Le travail d’habituation consiste dans un premier temps à les trouver au sein de leur territoire. Pour se faire, Done et ses assistants se fient au lieu où les Doucs ont été vus pour la dernière fois la veille, à l’odeur et aux traces assez caractéristiques qu’ils laissent sur leur passage (restes de repas entre autres). Une fois un groupe repéré, la position GPS est enregistrée et quelques photos peuvent être prises avant l’annonce de notre présence par un claquement de langue bien significatif. Nous sommes également vêtus d’un chasuble rose pour être facilement identifiable contrairement aux braconniers qui pourraient être également présents sur le territoire. Les Doucs fuient généralement dès que notre présence est repérée et le but est de les suivre en enregistrant le tracé GPS de leur périple. La traque s’arrête quand le groupe nous échappe ou quand l’on constate que les plus jeunes se sont fait distancés par les adultes. On les laisse alors tranquille pour qu’ils puissent rejoindre leurs parents sans risque d’égarement. Les données GPS recueillies sont ensuite récoltées et stockées sur un logiciel qui retrace le territoire potentiellement occupé par les Doucs et leurs déplacements sur celui-ci. Cela se fait de manière régulière et structurée depuis l’arrivée d’Andréa en mars 2019. Lors de mon séjour sur place, nous en étions encore au tout début de l’habituation et les Doucs restaient très compliqués à trouver malgré la présence de groupes allant jusqu’à 70 individus.

Enfin en parallèle de ces recherches, l’équipe a été formée à l’installation de pièges photographiques dans les arbres et au sol afin d’ouvrir un autre point de vue dans l’étude des espèces animales présentes sur le site.
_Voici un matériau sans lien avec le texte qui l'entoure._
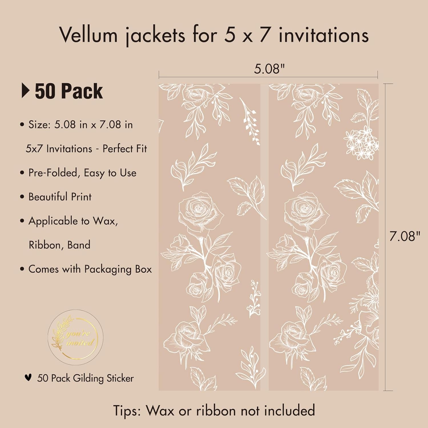50 Pack Pre-Folded Vellum Jackets for 5x7 Invitations,AZAZA Translucent Invitation Sleeves,115GSM Vellum Jackets 5x7, Wedding Invitation Accessories,for Weddings Birthdays,Botanical Flower Pattern
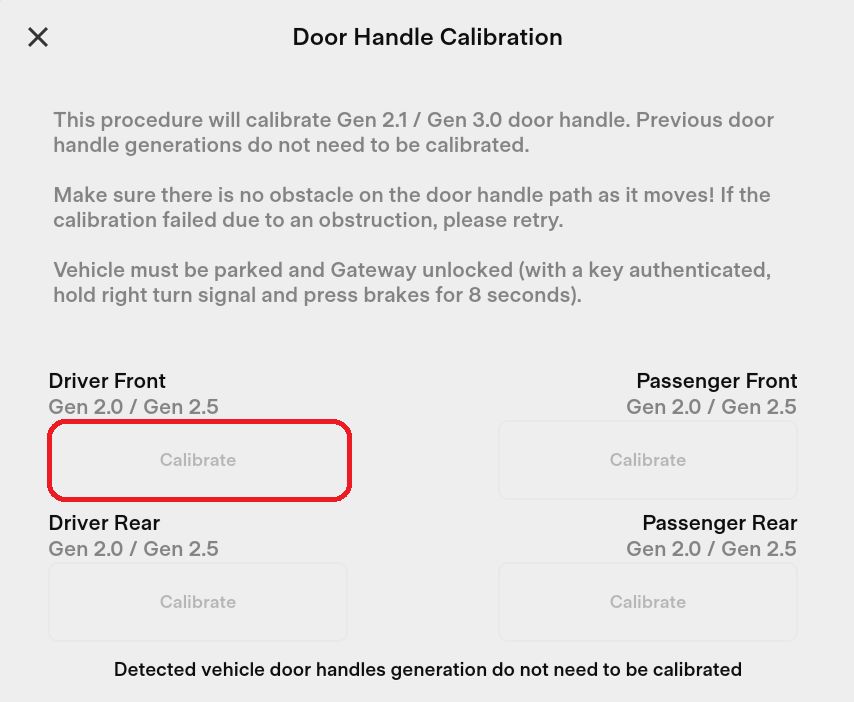 NoteThe vehicle software must be 2023.12 or above in order to run door handle calibration on the UI.
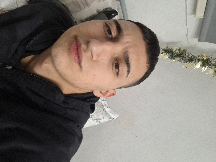 A young male individual, appearing to be in his late teens or early twenties, is depicted in a close-up, frontal self-portrait

L’installation de ces pièges au sol est généralisée sur une surface beaucoup plus importante que celle du camp et concerne une grande partie de la réserve naturelle de Nakaï-Namtheun. Elle est alors gérée par d’autres équipes de l’association. Les rangers sont également équipés de GPS et répertorient les animaux ou les traces de passage qu’ils observent durant leurs rondes dans la réserve.
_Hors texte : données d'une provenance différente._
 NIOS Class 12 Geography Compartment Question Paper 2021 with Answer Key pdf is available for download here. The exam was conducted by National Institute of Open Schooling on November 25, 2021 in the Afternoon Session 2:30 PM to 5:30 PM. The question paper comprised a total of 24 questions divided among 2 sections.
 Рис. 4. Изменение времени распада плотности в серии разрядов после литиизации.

Toutes ces données sont ensuite analysées par Camille pour créer un registre le plus précis possible des espèces présentes sur la réserve. Le travail est gigantesque mais les laotiens sont motivés et se sentent de plus en plus concernés par la protection de leur biodiversité. Les villageois qui travaillent pour l’association jouent un rôle très important dans la sensibilisation de la population de leur village et alentours.
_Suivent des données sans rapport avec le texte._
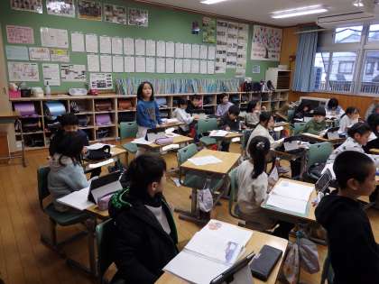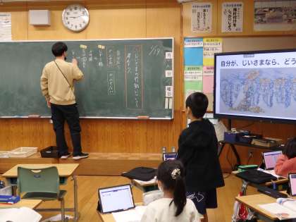 2年生の1時間目は国語の授業でした。「笠こ地蔵」の学習です。昨日、おじいさんが自分の手ぬぐいを地蔵に巻いた行動について、「自分だったらするかしないか」を考えました。今日は意見の発表です。先生からの「おじいさんは、何かいいことがあるのを期待してやったの?」というつっこみ質問で、さらに深く考えていました。
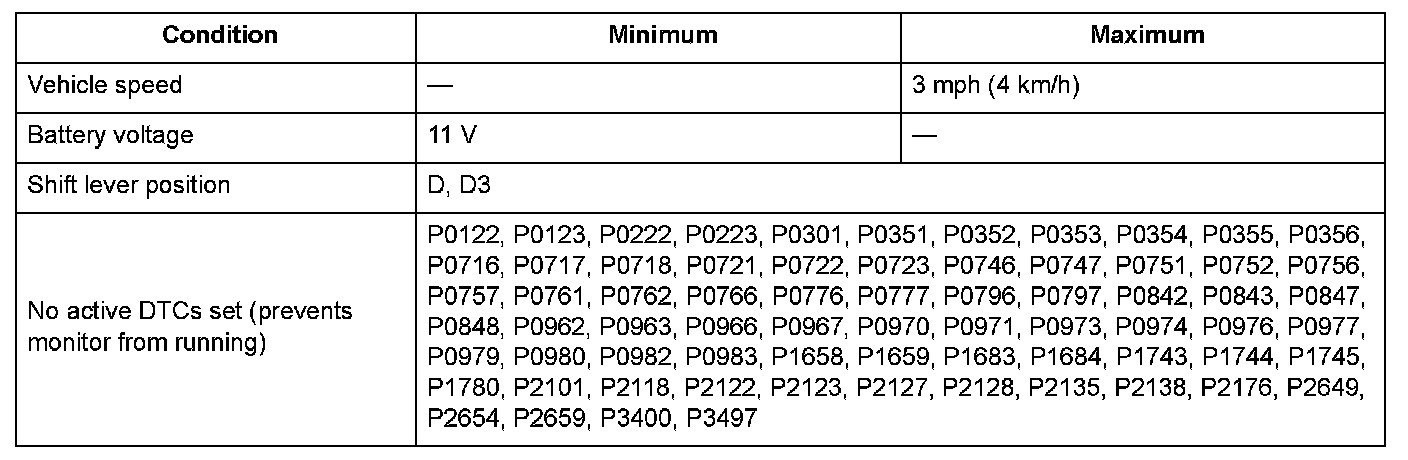 Conditions for setting the DTC
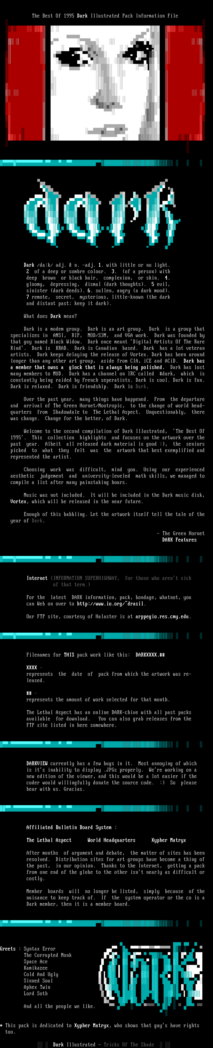 specializes in ANSI, RIP, MOD/S3M, andVGA work. Dark was founded by
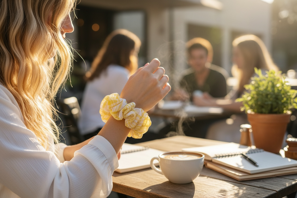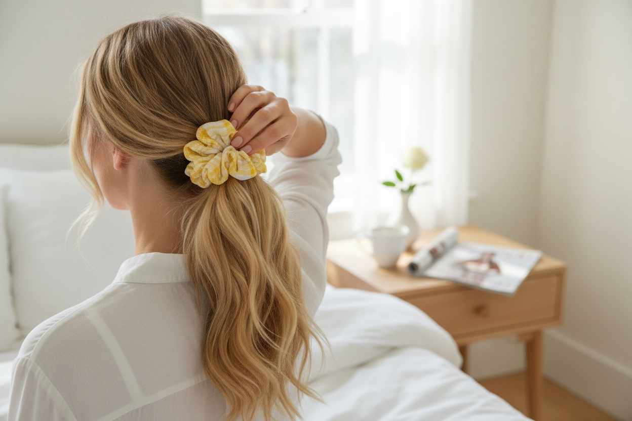 💛 Un scrunchie maxi, ligero y vibrante que ilumina cualquier peinado.
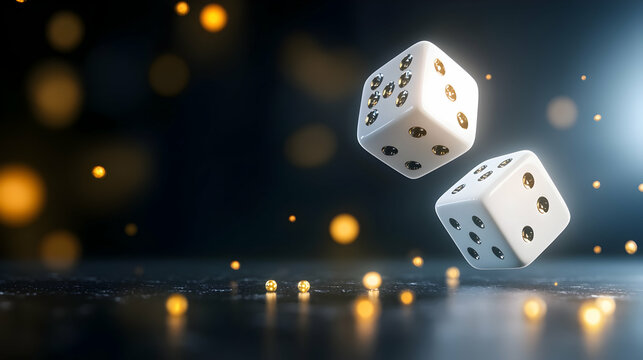 A neon 3D render of a casino game with cube dice set against a dark bac Random numbers are moved by the rolling of two w Night banner for online 3D illustrations of Vegas, VIP gaming, and board games

Durant la réalisation de ces différentes missions qui obligent l’équipe à sillonner la forêt de long en large, j’ai eu la chance d’observer de nombreuses d’espèces d’oiseaux, de reptiles, d’amphibiens ou encore d’insectes. J’ai également eu la chance d’entendre sans les voir quelques cochons sauvages ou encore des cervidés comme des Muntjacs ou des Sambars. J’ai eu l’incroyable chance de pouvoir observer et photographier des Gibbons à favoris blancs et des Doucs et également d’observer différentes espèces de Macaques (M. assamensis, M. nemestrina et M. mulatta).

Retour à la maison

Difficile à accepter mais vient forcément le moment du retour à la maison. J’emprunterais les mêmes routes et dormirais aux mêmes endroits. La seule différence se fera entre Nakaï et Vientiane où j’ai cédé le voyage en 4×4 contre un voyage en bus de nuit qui s’est avéré être de bien meilleur qualité que ceux que j’aurais pris à l’aller et au retour en France… Le choc reste le même à chaque étape. À l’aller, je m’étonnais chaque jour avec bonheur du changement de vie entre chaque lieu visité. Au retour, l’effet était le même en inversé. Le retour à la civilisation fait très mal au moral mais on reprend vite la routine et le boulot en espérant repartir pour un nouvel ailleurs au plus vite.

J’espère que tout cela vous donnera envie de vous investir pour la conservation des espèces, de vous engager dans du volontariat auprès des associations qui en ont besoin ou de faire les 2 à la fois.

 

Romain Riviere

Soigneur animalier au Parc animalier d’Auvergne.